Но нам никогда не понять настоящего величия русского провинциального города, если мы не оценим роли в его жизни настоящей поэзии. Те чувства, которые испытывал тогда ещё юный, а впоследствии известный профессор и литературный критик  Павел Забелин, являлись в 40–50-е годы ХХ века тем, что помогало людям воспрянуть духом, разглядеть сквозь идеологию и авторитаризм личную судьбу и общую связь времён.

«Поздним осенним вечером того же 1949 года я замираю под тополем у ограды университета. Мимо меня проходит Юрий Левитанский, прямо-таки живой по облику Лермонтов. Только что на репетиции факультетского хора мы пели любимую песню послевоенного Иркутска на слова Левитанского «Когда мы шли военными дорогами… Город, мой город на Ангаре».

Юрий Левитанский приходит в университет. Он выступает в областной библиотеке. На городских вечерах поэзии. Рядом с ним Анатолий Ольхон, Иннокентий Луговской, начинающие Пётр Реутский, Марк Сергеев. Юрий Левитанский западает в душу, но почему же ты никак не можешь поверить в то, что перед тобою и есть поэт, только живущий не в столице, а рядом с тобою?
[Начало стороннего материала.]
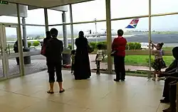 View of an Airlink aircraft from the arrivals area
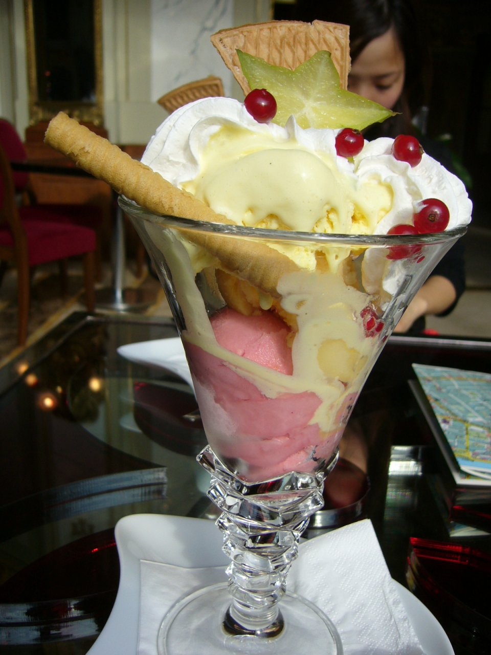 バックパックの貧乏旅行にもかかわらず、ガイドブックでこのカフェを発見し、絶対行ってみたい!と思い、ドキドキして店内へ。ブタペスト内の他のカフェよりは明らかにお値段は高いと思いますが、日本と同じくらいじゃないでしょうか。あの素敵な空間でパフェを食べて、幸せな気分でした♪

В ожидании дел невиданных,
из чужой страны,  
в сапогах, под Берлином выданных,
я пришёл с войны.

Ведь этого распева, этой скромности, доходящей до лёгкой иронии, усмешки над собою фронтовиком, нет ни у кого. Даже чудный Алексей Недоногов так заявляет о себе:

Тишина, тишина.
Бьют копыта в тишине.
Едет, едет старшина
По Европе на коне.

Лира наших первых лет послевоенных при всех своих фронтовых заслугах была некоторым образом и осторожна, срединна по образам, метрическому строю. Маяковский – эталон. Блок, Бальмонт – ни-ни, декаденты. Есенин – совсем нехорошо. «В ожидании дел невиданных». На первый взгляд, тоже срединно. Да и тон какой-то совсем негромкий, не призывный… Да и герой не передовой вовсе. Мало кто заметил, оценил тогда авторскую новизну в содержании и ритмике.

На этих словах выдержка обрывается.